„Die Qualität der Berufsausbildung in Ägypten hat ein niedriges Niveau und entwickelt sich nur äußerst langsam fort“, weiß Wilfried Ulrich. Der gelernte Mechaniker und langjährige Werklehrer ist über 25 Jahre lang regelmäßig in SEKEM zu Gast gewesen, um dort das Berufsbildungszentrum zu unterstützen. „Die Ausbildung in SEKEM ist deutlich besser, aber auch hier gibt es etliche Hürden, zum Beispiel, dass die guten AusbilderInnen abgeworben werden.“
Wilfried Ulrich hat viele Jahre in der Industrie im Bereich Entwicklung gearbeitet und anschließend an einer Waldorfschule in Stuttgart im Bereich Metalltreiben, Töpfern und Holzverarbeitung unterrichtet. Mit dieser Erfahrung im Gepäck hat er in SEKEM geholfen, eine Töpferwerksatt einzurichten, Lehrkräfte fortzubilden und den Ausbildungszweig der Mechanik eng begleitet. Er musste sich erst einmal an die andere Mentalität und Arbeitsweise gewöhnen: „Die jungen Menschen und auch LehrerInnen sind vollkommen anders gepolt als in Deutschland. Sie lernen viel mehr durch das Beobachten und Wahrnehmen als durch Erklärungen“, so die Erfahrung des langjährigen SEKEM-Freunds. „Die Bereitschaft etwas zu Lernen und zu Tun ist hoch, es mangelt nur leider oft an der Ausstattung und Werkzeug.“ Auch hier hat er sich für Abhilfe eingesetzt und zum Beispiel Sachspenden in Form von Maschinen organisiert.
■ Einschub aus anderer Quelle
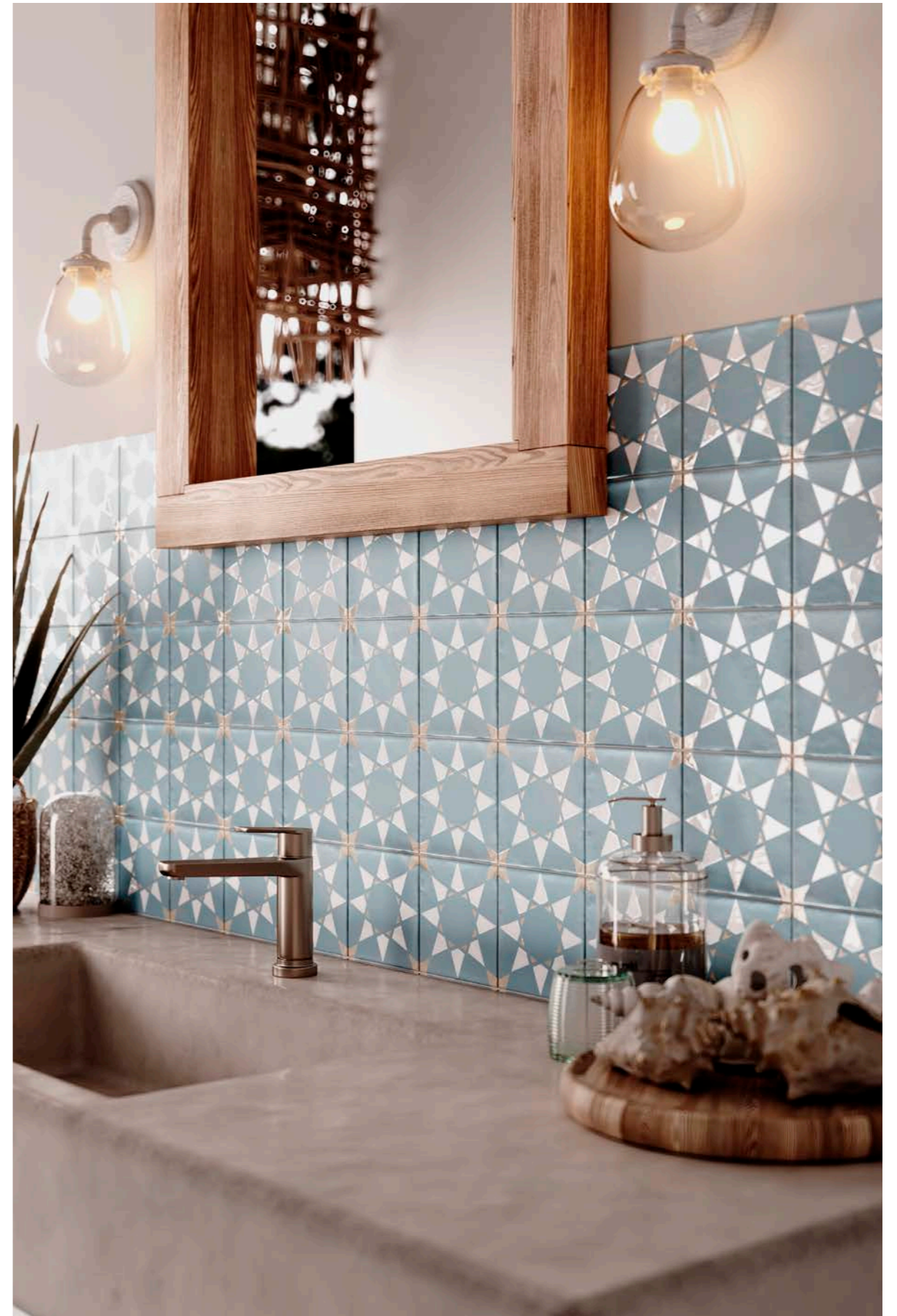
Fez Noor Blue-White-C 12x12 cm - 4.7" x 4.7"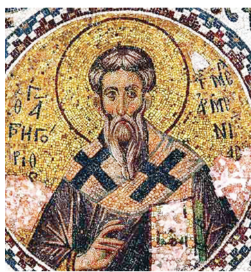
Святой Григорий, просветитель Армении

сти, в равной степени характерные восточнославянской и армянской культурам. Именно верность христианской традиции и ее нравственным идеалам является для нас связующей нитью, залогом нашего соработничества и дружбы».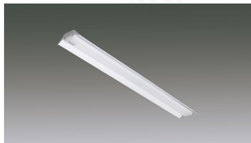
ラインルクス笠付型 40形 調光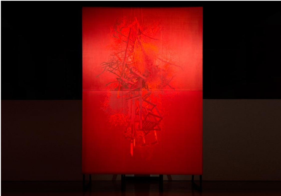
Figura 2. Javier Garcerá, "Que no cabe en la cabeza". 500 x 360 cm., técnica mixta sobre seda, 2017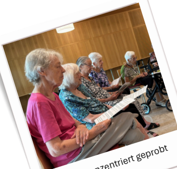
Es wird konzentriert geübt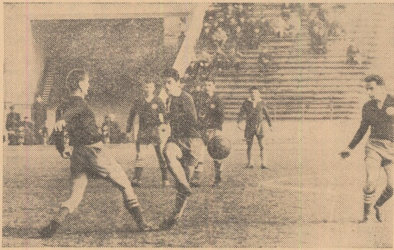
O imagine cu o vechime de un an, de pe vremea cînd Minerul se afla în categoria A. Pe cînd revenirea echipei bîimărene în plutonul celor mai bune țara noastră?

cîștigă forța șuturilor care peste o lună vor însemna goluri.

Der gelernte Mechaniker und Pädagoge war viele Jahre lang jeweils für drei Monate in SEKEM vor Ort. „Der Ansatz, den SEKEM bietet, die ganzheitliche Vision des Gründers, ist die beste Möglichkeit, um in Ägypten und der Welt etwas zum Besseren zu verändern“, so ist Wilfried Ulrich überzeugt. „Aber es braucht viel Zeit, das habe ich gelernt.“ Der engagierte Familienvater konnte beobachten, wie sich die Menschen, die selber bereits SchülerInnen an einer der SEKEM-Schulen waren, im Berufsleben deutlich von den anderen absetzten. „Die MitarbeiterInnen mit langjähriger SEKEM-Erfahrung blicken viel bewusster auf bestimmte Situationen und gehen entsprechend umsichtiger damit um“, sagt Wilfried Ulrich.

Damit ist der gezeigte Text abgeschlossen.